MegL wrote on December 10, 2017, 4:31 AM

I understand that the food value of meat is the same no matter which part of the animal it comes from (I think this refers to muscle, rather than other organs). My late father in law would never eat sausages because he said you never knew what went into them. But as long as it all comes from the animal, I don't really worry. After all, in some countries, people consider sheep's eyeballs to be a delicacy and my grandmother cooked parts of animals in meatballs she made, including lungs. The meatballs were delicious. She also used parts of the intestine and probably some parts I won't name on here!

VinceSummers wrote on December 10, 2017, 8:14 AM

Lungs. Great for breathing.

MegL wrote on December 10, 2017, 10:46 AM

Yes. But by the time she got to using them, the animal didn't need them any more. I THINK she wrapped the meatballs in the membrane to keep them together but not sure as I was only young when she used to do this.

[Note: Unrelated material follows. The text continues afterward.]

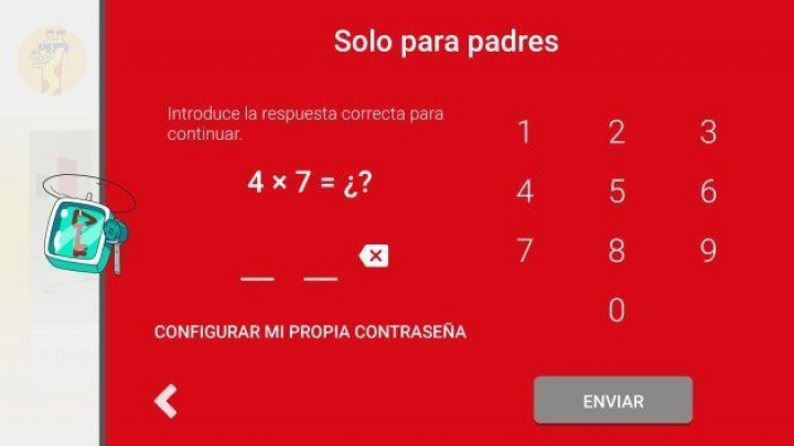 Al acceder a la opción de configuración, localizada en la parte inferior derecha de la pantalla de inicio, te pedirá una operación matemática para comprobar que se trata de un adulto. A pesar de esto, para mayor seguridad, tendrás que introducir la contraseña de la cuenta de Gmail con la que se configuró en un primer momento.

Kasman wrote on December 10, 2017, 3:10 PM

A good example of this is meat paste. In the UK it comes in small glass jars and is a pale pinkish/grey colour. It consists of 'mechanically recovered meat' and contains parts of the animal most people certainly wouldn't think of as meat yet are perfectly edible. Read this: https://en.wikipedia.org/wiki/Mechanically_separated_meat This description isn't very appetising but it's delicious on toast!

VinceSummers wrote on December 10, 2017, 3:56 PM

I'm sure I wouldn't know! Haha.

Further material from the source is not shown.